Site Reliability Engineer (Prometheus and Grafana) employer: Robert Walters
Contact Detail:
Robert Walters Recruiting Team
StudySmarter Expert Advice 🤫
We think this is how you could land Site Reliability Engineer (Prometheus and Grafana)
✨Tip Number 1
Familiarise yourself with Prometheus and Grafana by exploring their documentation and community forums. Engaging with these resources can help you understand best practices and common pitfalls, which will be beneficial during interviews.
✨Tip Number 2
Join online communities or local meetups focused on Site Reliability Engineering and observability tools. Networking with professionals in the field can provide insights into the role and may even lead to referrals.
✨Tip Number 3
Consider contributing to open-source projects related to monitoring and observability. This not only enhances your skills but also showcases your commitment and expertise to potential employers.
✨Tip Number 4
Prepare for technical interviews by practising problem-solving scenarios that involve SLOs, SLIs, and error budgets. Being able to discuss these concepts confidently will demonstrate your understanding of SRE principles.
We think you need these skills to ace Site Reliability Engineer (Prometheus and Grafana)
Some tips for your application 🫡
Tailor Your CV: Make sure your CV highlights your experience with Prometheus, Grafana, and any relevant SRE practices. Use specific examples that demonstrate your skills in observability and monitoring.
Craft a Strong Cover Letter: In your cover letter, express your enthusiasm for the role and the company. Mention how your background aligns with the responsibilities listed, particularly your experience with metrics collection and alerting tools.
Showcase Relevant Skills: Clearly outline your hands-on experience with Prometheus and Splunk in your application. Include any familiarity with CI/CD tools and cloud environments, as these are crucial for the role.
Highlight Collaboration Experience: Since the role involves working closely with engineering squads, emphasise any past experiences where you collaborated in a DevOps or Agile environment. This will show your ability to work effectively within teams.
How to prepare for a job interview at Robert Walters
✨Showcase Your Technical Skills
Be prepared to discuss your hands-on experience with Prometheus and PromQL in detail. Highlight specific projects where you've designed metrics collection or optimised dashboards, as this will demonstrate your technical expertise relevant to the role.
✨Understand Observability Principles
Familiarise yourself with observability best practices, such as the Four Golden Signals and the RED methodology. Be ready to explain how you have applied these principles in past roles to enhance monitoring and alerting systems.
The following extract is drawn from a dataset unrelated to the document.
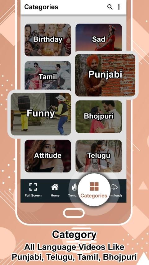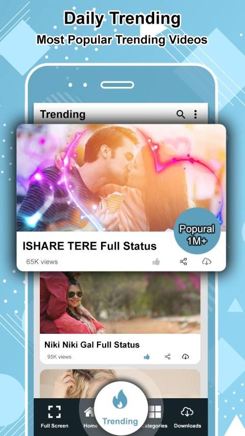 Video Status is the best free short video Status app to watch, download, and share trending videos for whatsapp Videos and other social media. In Video Status, Lyrical video songs status, You can watch and Download Video Status in Indian languages like Hindi, English, Kannada, Islamic, Haryanvi, Bhojpuri, Telugu, Tamil, Marathi, Gujarati, Bengali, Punjabi and Malayalam.

✨Prepare for Scenario-Based Questions
Expect questions that assess your problem-solving skills in real-world scenarios. Think of examples where you've refined alerting rules or collaborated with engineering teams to implement SLOs/SLIs, as these experiences are crucial for the role.
✨Demonstrate Collaboration and Communication Skills
Since the role involves working closely with various teams, be prepared to discuss how you've effectively communicated and collaborated in a DevOps or Agile environment. Share specific instances where your communication skills led to successful project outcomes.